# Data in this exercise
▬▬▬

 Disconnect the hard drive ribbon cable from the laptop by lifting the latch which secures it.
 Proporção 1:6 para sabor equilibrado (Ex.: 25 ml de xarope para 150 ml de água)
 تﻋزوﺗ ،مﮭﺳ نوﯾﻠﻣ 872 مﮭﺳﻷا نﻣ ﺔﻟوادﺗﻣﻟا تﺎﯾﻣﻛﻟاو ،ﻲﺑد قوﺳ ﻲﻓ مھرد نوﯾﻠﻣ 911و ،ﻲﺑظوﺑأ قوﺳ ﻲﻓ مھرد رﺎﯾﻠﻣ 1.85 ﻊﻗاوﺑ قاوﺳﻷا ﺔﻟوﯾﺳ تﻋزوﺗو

▬▬▬

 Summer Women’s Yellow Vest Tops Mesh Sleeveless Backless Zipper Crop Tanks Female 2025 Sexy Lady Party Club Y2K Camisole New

▬▬▬

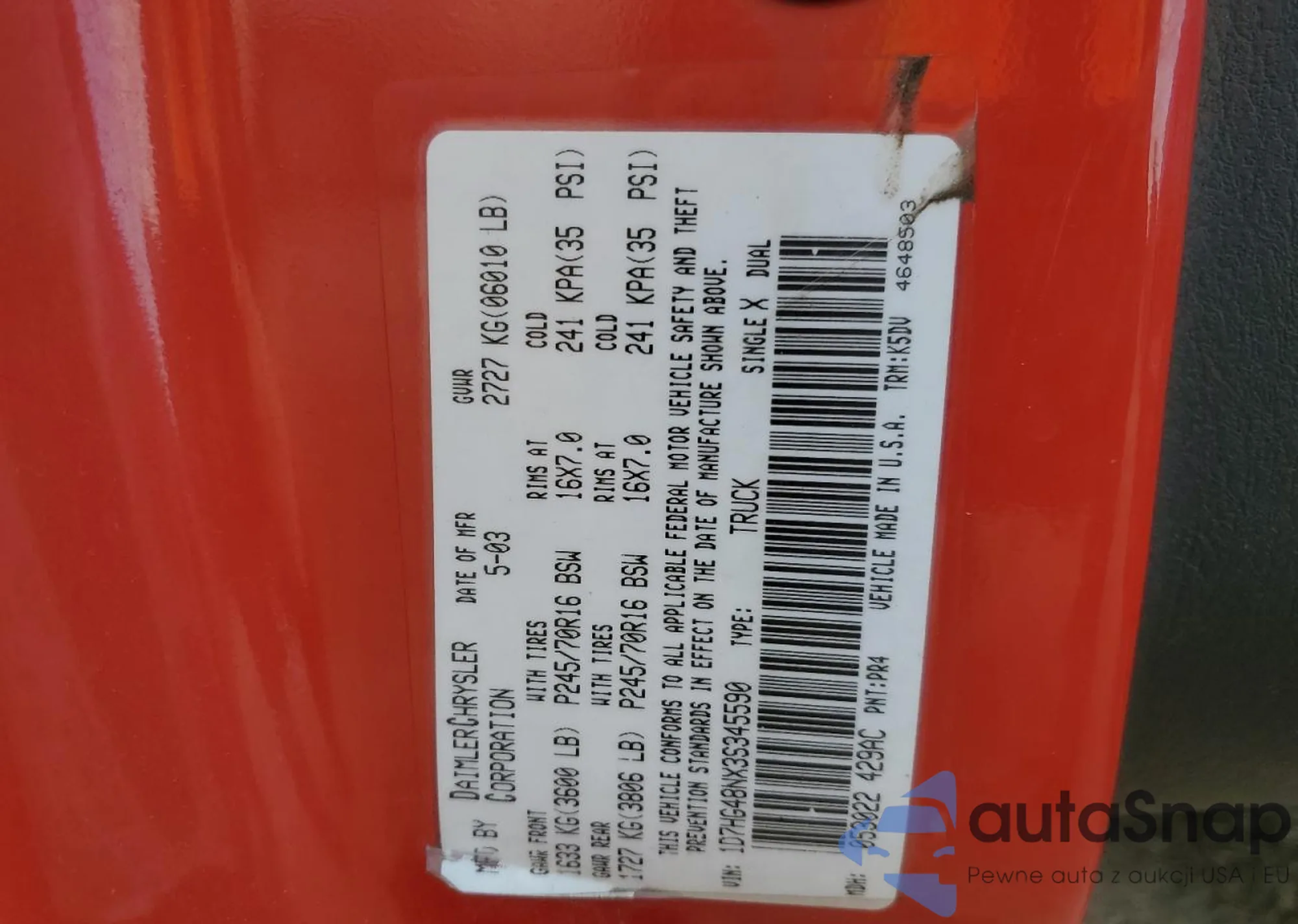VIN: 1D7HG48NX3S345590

▬▬▬

# Exercise instructions
All that should be written out is the stretch of lines above between the one holding "Disconnect the hard" and the one holding "تﻋزوﺗ ،مﮭﺳ نوﯾﻠﻣ", inclusive, exactly as given.

# Solution below
 Disconnect the hard drive ribbon cable from the laptop by lifting the latch which secures it.
 Proporção 1:6 para sabor equilibrado (Ex.: 25 ml de xarope para 150 ml de água)
 تﻋزوﺗ ،مﮭﺳ نوﯾﻠﻣ 872 مﮭﺳﻷا نﻣ ﺔﻟوادﺗﻣﻟا تﺎﯾﻣﻛﻟاو ،ﻲﺑد قوﺳ ﻲﻓ مھرد نوﯾﻠﻣ 911و ،ﻲﺑظوﺑأ قوﺳ ﻲﻓ مھرد رﺎﯾﻠﻣ 1.85 ﻊﻗاوﺑ قاوﺳﻷا ﺔﻟوﯾﺳ تﻋزوﺗو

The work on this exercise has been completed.